Akufo-Addo of the New Patriotic Party won 57 percent of more than 3 million votes with ballots counted in 80 of the country’s 275 constituencies, according to a Bloomberg News tally of provisional results posted on the Twitter account of the Ghana Electoral Commission. Mahama, of the ruling National Democratic Congress, took 40.8 percent of the vote. The election commission is continuing to count ballots and hasn’t yet verified any results.
Joy FM, one of the country’s biggest broadcasters, projected Akufo-Addo as the winner, based on its own calculation of poll numbers posted at voting stations.
Both Akufo-Addo, 72, and the 58-year-old Mahama campaigned with pledges to reignite growth in West Africa’s second-biggest economy. It’s projected to expand 3.3 percent this year, the slowest rate in two decades, after delays in new oil projects weighed on output.
“The public mood does appear to suggest a much higher level of public frustration with the current government,” Manji Cheto, senior vice president for West Africa at Teneo Intelligence, said by e-mail.
The cedi was little changed on Friday, trading at 4.2350 against the dollar at 3:32 a.m. in Accra.
While the NPP initially criticized the election commission for the slow pace of counting, Akufo-Addo told reporters later on Thursday that he would wait for the agency to finalize results even though he was confident of victory in both presidential and parliamentary polls.
Duty Owed
“The duty we owe to the people of Ghana is not to declare results quickly, but to declare results that reflect the will of the people,” Electoral Commission Chairman Charlotte Osei told reporters on Thursday in Accra.

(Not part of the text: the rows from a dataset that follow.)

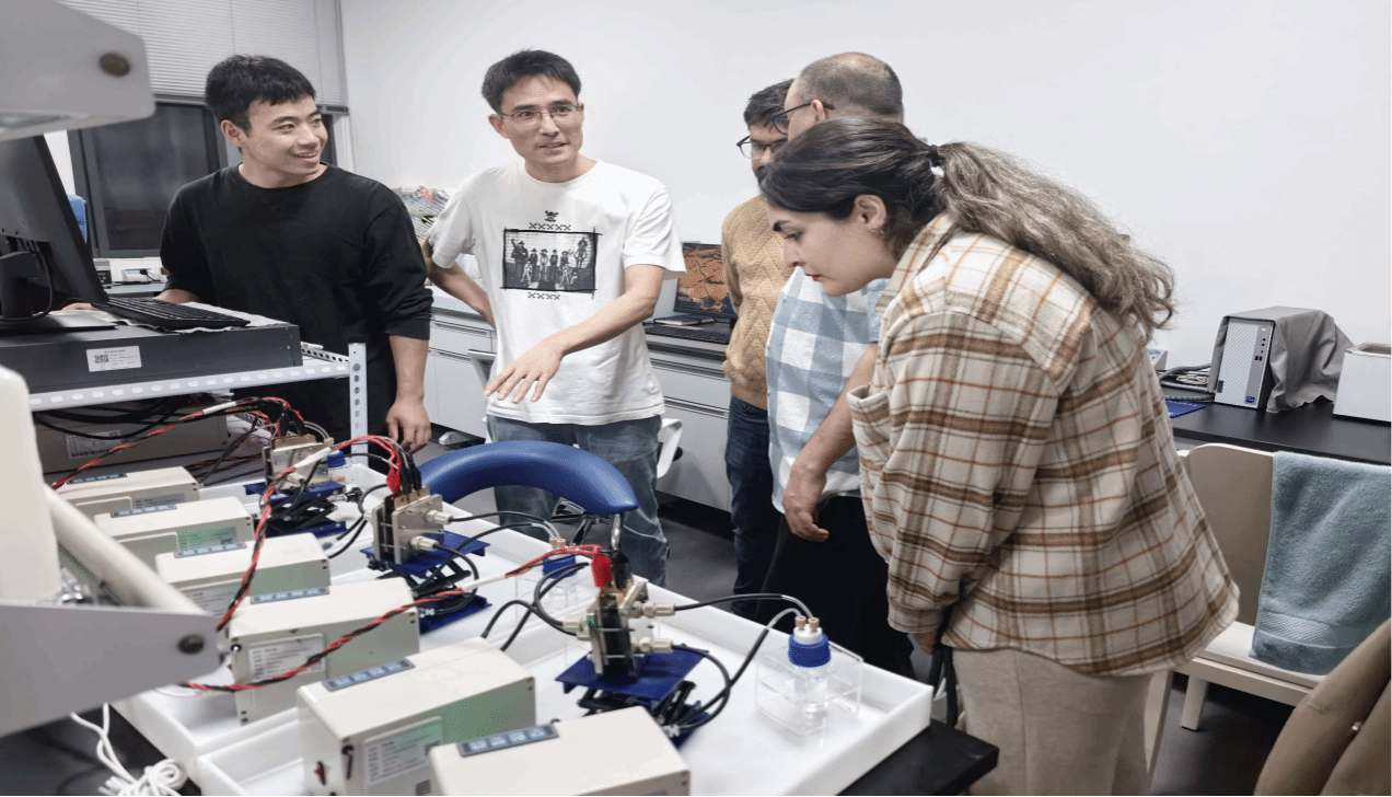 当晚19时30分,活动正式拉开帷幕。我院王凯博士首先代表学院向远道而来的外籍专家致以热烈欢迎,并简要介绍了我院在材料科学、化学工程等领域的学科特色及科研进展情况。随后,三位外籍专家分别围绕新能源材料、绿色化工与环境催化等国际前沿研究方向进行了专题报告,内容深入浅出,兼具学术深度与实践价值,引发了在场师生的广泛关注。在互动交流环节,师生积极提问,围绕学术研究、国际视野拓展以及跨文化合作等议题与外籍专家展开了深入探讨。现场气氛热烈,交流富有成效,充分展现了我院学生扎实的专业素养与开阔的国际化视野。随后,在我院教师陪同下,外籍专家参观了学科楼科研实验室。各课题组相关老师详细介绍了当前研究项目、实验设备配置及阶段性研究成果。外籍专家对我院在新型功能材料、绿色化工与先进医药等领域的研究工作给予高度评价,并就未来可能的合作方向提出了建设性意见。
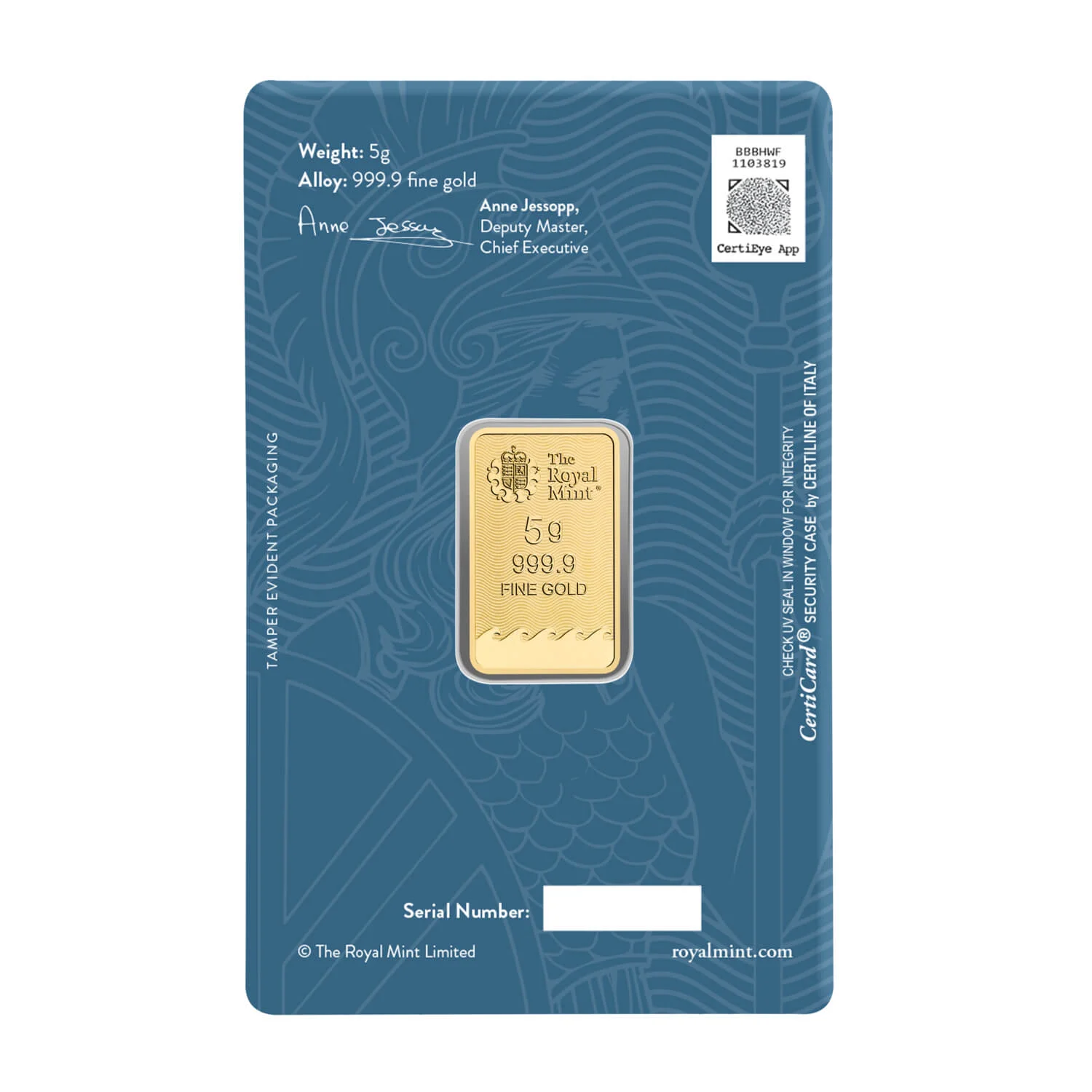 This 5 gram gold bar from The Royal Mint features the Britannia design. It is made of 999.9 fine gold and comes in tamper-evident packaging for authenticity.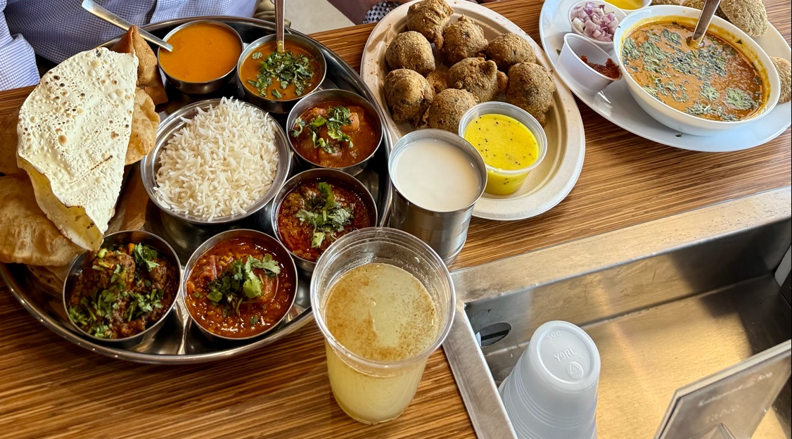 The staff is extremely friendly and helpful. The atmosphere is cozy, could use some candles to offset smells from cleaning supplies. The food is authentic, reminded me of my childhood growing up in Gujarat would love to come back to try more of the menu! Items we ordered: • Nimbu Pani - Traditional Gujarati lemonade with jeeru (cumin) and not super sweet • Methi Gota - came with authentic kadhi • Dal Bati - came with ghee, garlic chutney, raw onions. It was great, but I’d recommend making it even better by serving it with churma that traditional Rajasthani dal bati usually comes with. • Kathiyawadi King Special Gujarati Thali - Came with 4 shaaks (bataka, chana, sev tameta, undhiyu), dal, rice, mango ras, 3 puri, 2 roti, 1 papad, 1 samosa, and plain chaas. All of it was amazing but we especially loved the Ras and the sev tameta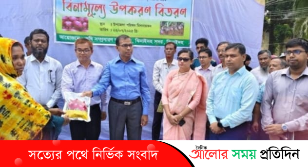 ঝিনাইদহ সদর উপজেলা পরিষদ মিলনায়তনে ক্ষুদ্র ও প্রান্তিক কৃষকদের মাঝে বিনামূল্যে কৃষি উপকরণ বিতরণ করা হয়েছে।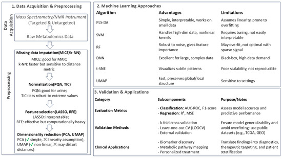 A Computational framework for cancer metabolomics: from data acquisition to clinical applications via machine learning. √ indicates pros, and × indicates cons.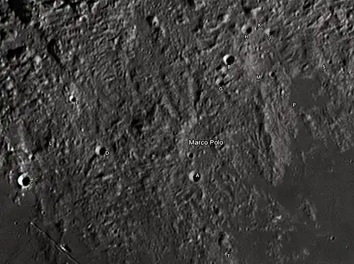 Por convención estos elementos son identificados en los mapas lunares poniendo la letra en el lado del punto medio del cráter que está más cercano a Marco Polo.

Final results will be released within 72 hours of the end of voting on Wednesday, Osei said.
Mahama lost support in his party’s traditional strongholds such as the eastern Volta and the Northern regions, according to results released so far. The central regions dominated by the Akan ethnic group usually back the NPP, which ruled the country from 2000 to 2008. The southern coast and Accra are considered swing areas.
In the regions where Mahama won, he recorded a smaller margin than in the previous election in 2012, Godfred Bokpin, head of the finance department at the University of Ghana’s Business School, said by phone on Thursday.
“If you can’t win handsomely in your strongholds, the swing votes won’t favor you,” he said.